In this course we will use kvm as vitalisation solution. For more information about running a VM with kvm you can look at the man page of qemu:

man qemu



In fact, kvm is a simple wrapper to the qemu-kvm which runs a virtual machine natively on Linux. To run kvm you must enable the vitalisation in the BIOS (Intel vt-x or AMD amd-v). If it is not possible to enable virtualisation, you can still run qemu in emulation mode (but it will be much slower).

To simplify the task of running VM with qemu and setting all the right options, I prepared a Debian image for the course, and a script that you can use to run your virtual machine with Linux. The Debian image and the script are available at /local/debian32.img.

A copy of this image file is available here.

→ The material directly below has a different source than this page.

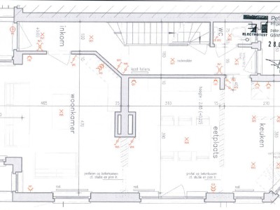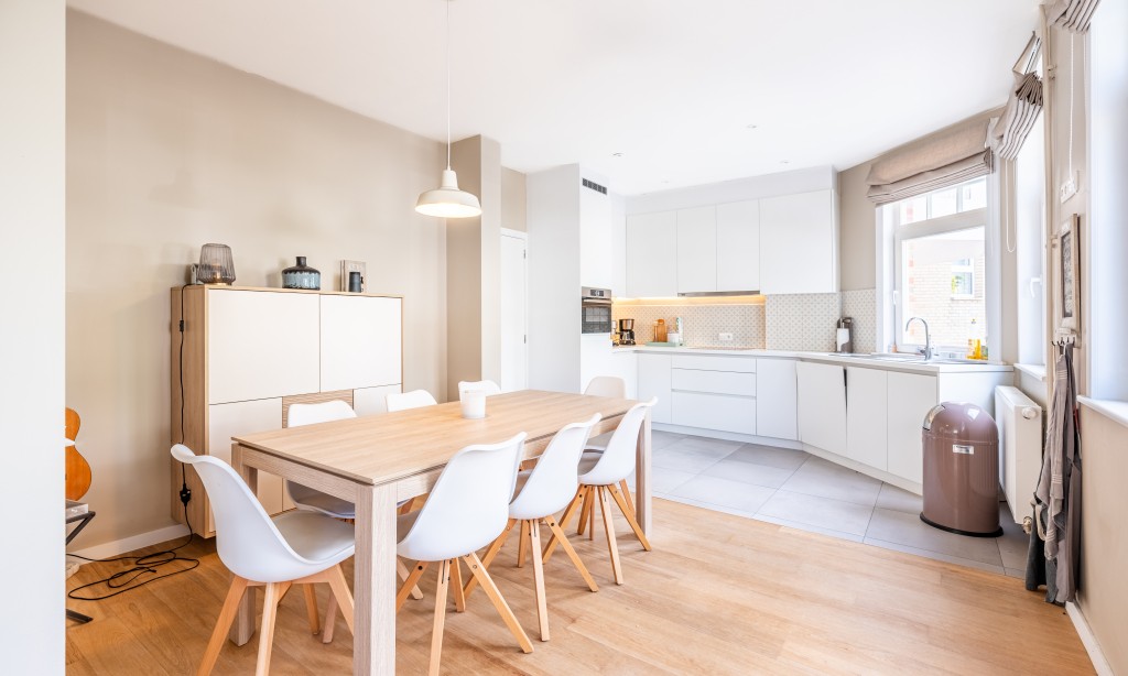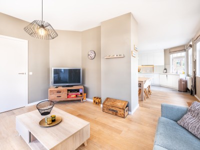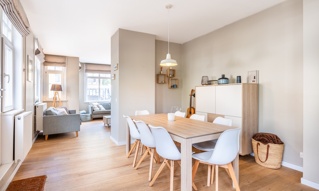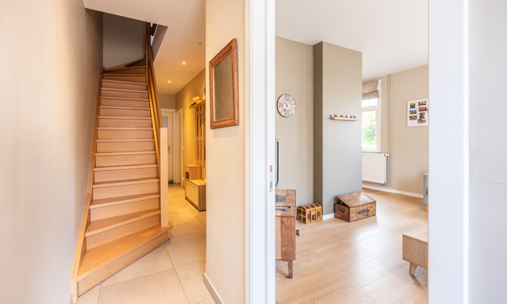 Hal met trap, woonkamer en eetkamer, volledig uitgeruste open keuken en een toilet.

Here are two scripts for launching the virtual machine:

• kvm-std.sh runs the machine with his own kernel (version 3.16.3):

#!/bin/bash
SMP=${2-2} kvm -smp$SMP -m 2048 -boot c \
-hda debian32.img \
-net nic -net user,hostfwd=tcp::10022-:22 \
-serial stdio

• The second script, kvm-term.sh uses a kernel compiled by yourself:

#!/bin/bash
KERNEL=${1-/home/lipari/devel/linux-3.19/build/kvm-32/arch/x86/boot/bzImage} SMP=${2-2}

kvm -smp $SMP -m 2048 -boot c \ -hda debian32.img \ -net nic -net user,hostfwd=tcp::10022-:22 \ -serial stdio \ -kernel$KERNEL -append "root=/dev/sda1 console=ttyS0 rw" \
-display none


The only thing you need to modify is the value of the KERNEL variable: it must point to the location on your hard disk of the compiled kernel you wish to use.

Notice that TCP port 22 (used by ssh) has been "forwarded" on port 4022 of the same machine. Therefore, when you try to connect to 127.0.0.1:4022 on the local machine, you are actually forwarded to the virtual machine.

Now, to run the VM you need to

• copy the script in your home dir, so you can modify it at will;
• launch it from your home.

The VM that I prepared has two users:

• user root with password ase++ and
• user ase with password ase++.

To ssh to a running guest do:

ssh ase@127.0.0.1 -p 4022



### Compiling the kernel sources

As shown in the previous section, you need to compile the kernel by yourself. The first thing you need to do is to download a kernel from https://www.kernel.org/. I suggest version 4.15.13.

Once you have the kernel sources on your file system, you need to compile the kernel. Since it is not so easy to configure the kernel properly for use with the VM, I provide a config file already configured for you. You can take this as a starting point for your configurations.

Save this file in your Linux directory.

To compile the kernel, you can specify the output directory where you want to put your compiled objects for a certain architecture. For example, you could think of a directory structure as follows:

Go inside the Linux directory (linux-4.15.13) and type

make O=../build/kvm32 menuconfig



to start the configuration. Select <Load>, and type the name of the config file (kvm32.config). After the configuration has been loaded correctly, select the options that you would like to enable. For the time being you do not need to change anything. Then, select <Save> and change its name as .config. This is the default name for a configuration file in Linux. Finally, select <Exit>, this will create a Makefile in the build directory, and it will copy the .config file in the right place.

Finally, to compile the kernel, type

make O=../build/kvm32 -j8 bzImage



from within the linux-4.15.13 directory. If everything goes well, you will find file bzImage in directory build/kvm32/arch/x86/boot/. Test the kernel by lanching the virtual machine using the kvm-term.sh command in which you have updated the KERNEL variable with the correct path.

#### Bleeding edge

You can also try to download the latest bleeding edge development version from git repository, and switch to the development branch for the real-time subsystem:

git clone git://git.kernel.org/pub/scm/linux/kernel/git/tip/tip.git
git checkout -b tip-sched-core origin/sched/core



Configuration and compilation are the same.

### Transferring files to the virtual machine

To transfer files to the virtual machine, there are two methods, a) using SSH to a running virtual machine, or b) mount the virtual machine image using a loop back device.

#### SSH access

(This is the suggested method) For copying files, you can use command scp as follows:

scp -P 4022 <files_to_copy>  ase@127.0.0.1:<destination_path>



#### Loop back device

To mount loop back, first find the sector offset

fdisk -u -l /path/to/debian.img



Then you can compute:

offset = sector size * start offset



Normally that would be 32256 or 1048576. Then you need to mount the loop back device:

mount -o loop,offset=1048576 /path/to/debian.img /path/to/mountpoint



At this point, you can access the debian disk as it were a local device mounted in /path/to/mountpoint.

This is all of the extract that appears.